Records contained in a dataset
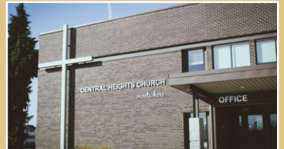
Central Heights Staff & Ministries
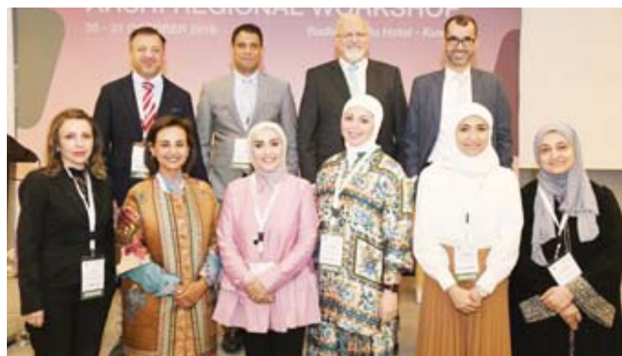
KUWAIT: Participants at the workshop pose for a group photo.
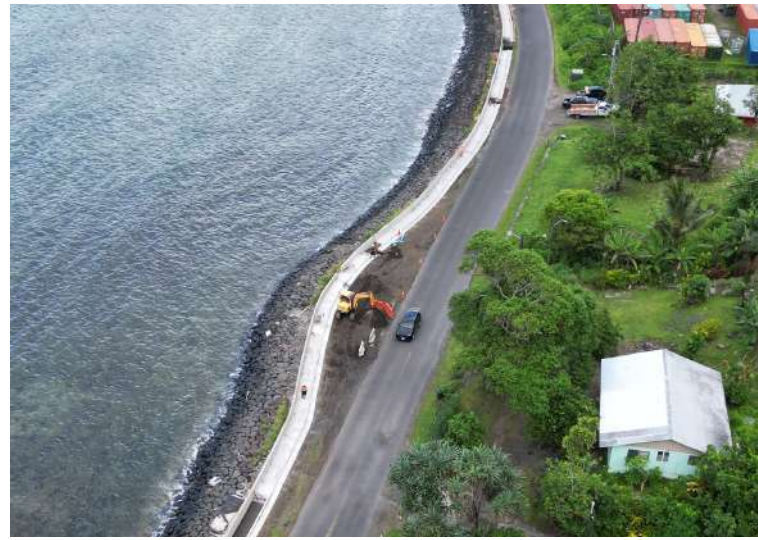
Leloaloe Sidewalk- Walkway and safety for residents
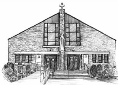
St. Teresa of the Infant Jesus 1634 Victory Boulevard Castleton Corners Staten Island, NY 10314
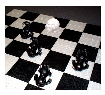
Fig. 1. Sheep and Wolves: the AIBO robotic wolves closing in on the mixed reality sheep

interactive qualities of major human-robot interaction applications. Our idea and solution is a collaborative board game involving humans and robots played in a shared physical environment. This setup serves as a test bed where various interfaces and robot behaviours can be developed to facilitate game play, and in turn, user evaluations can be performed to test their effectiveness.
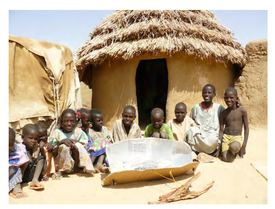
Important memories — Darfur refugee children with a CooKit, Iridimi camp, eastern Chad.

Give this issue of the Solar Cooker Review to a friend. Leave it at a doctor or dentist's office, or in a bus terminal or airport lounge so more people can learn about the fascinating world of solar cooking.
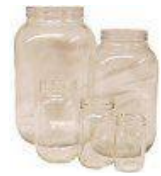
Clear glass jars

◆ **Assignment**
An exact copy of the records above is wanted, with the pictures omitted.

◆ **Answer to the exercise**
Central Heights Staff & Ministries
KUWAIT: Participants at the workshop pose for a group photo.
Leloaloe Sidewalk- Walkway and safety for residents
St. Teresa of the Infant Jesus 1634 Victory Boulevard Castleton Corners Staten Island, NY 10314
Fig. 1. Sheep and Wolves: the AIBO robotic wolves closing in on the mixed reality sheep

interactive qualities of major human-robot interaction applications. Our idea and solution is a collaborative board game involving humans and robots played in a shared physical environment. This setup serves as a test bed where various interfaces and robot behaviours can be developed to facilitate game play, and in turn, user evaluations can be performed to test their effectiveness.
Important memories — Darfur refugee children with a CooKit, Iridimi camp, eastern Chad.

Give this issue of the Solar Cooker Review to a friend. Leave it at a doctor or dentist's office, or in a bus terminal or airport lounge so more people can learn about the fascinating world of solar cooking.
Clear glass jars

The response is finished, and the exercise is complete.